▶ [The problem] Your answer should be the full data, transcribed exactly, with no pictures in it.

▶ [Supplied information]
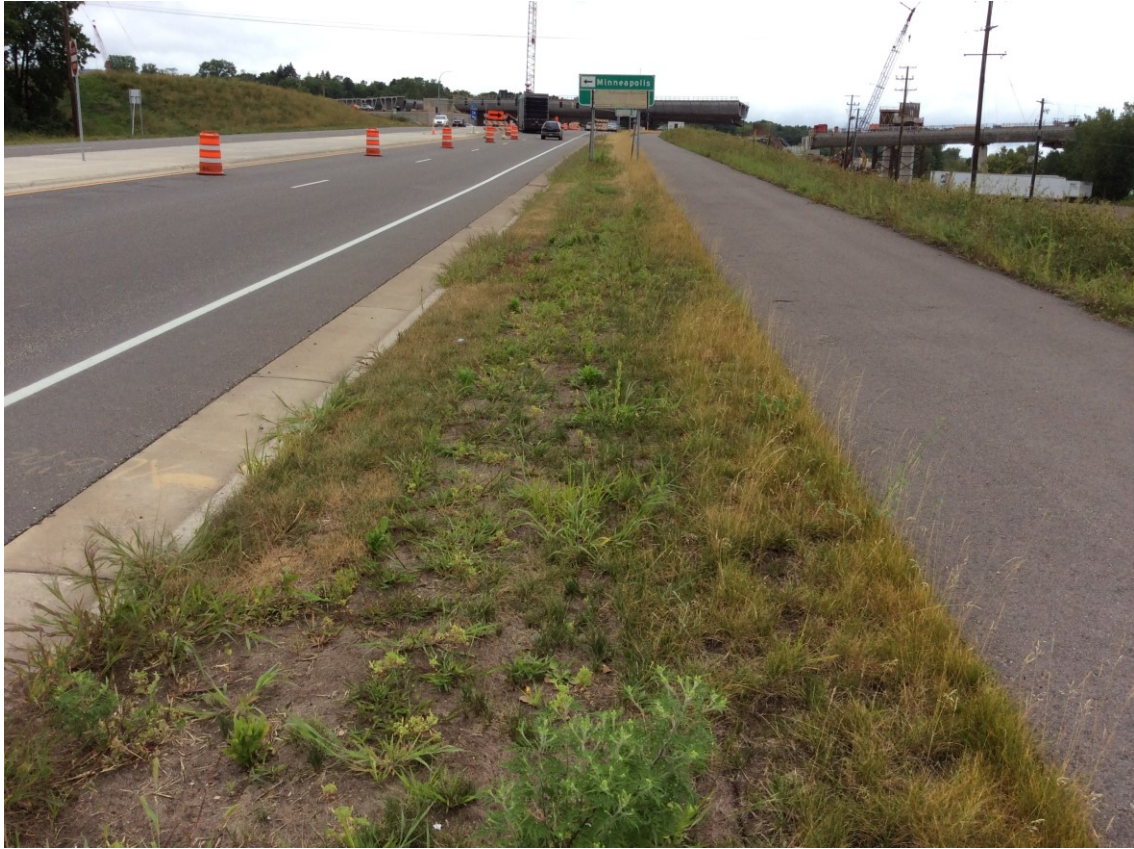
Figure 2.2. Image of a failed establishment that was evaluated in Stillwater, MN.
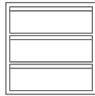
40.3" H x 18.63" D
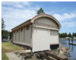
LIFEBOAT STATION SOHE 2008
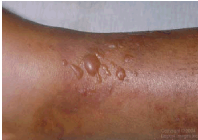
FIGURE 3. Primary septicemic skin lesions caused by Vibrio vulnificus

▶ [Expected output]
Figure 2.2. Image of a failed establishment that was evaluated in Stillwater, MN.
40.3" H x 18.63" D
LIFEBOAT STATION SOHE 2008
FIGURE 3. Primary septicemic skin lesions caused by Vibrio vulnificus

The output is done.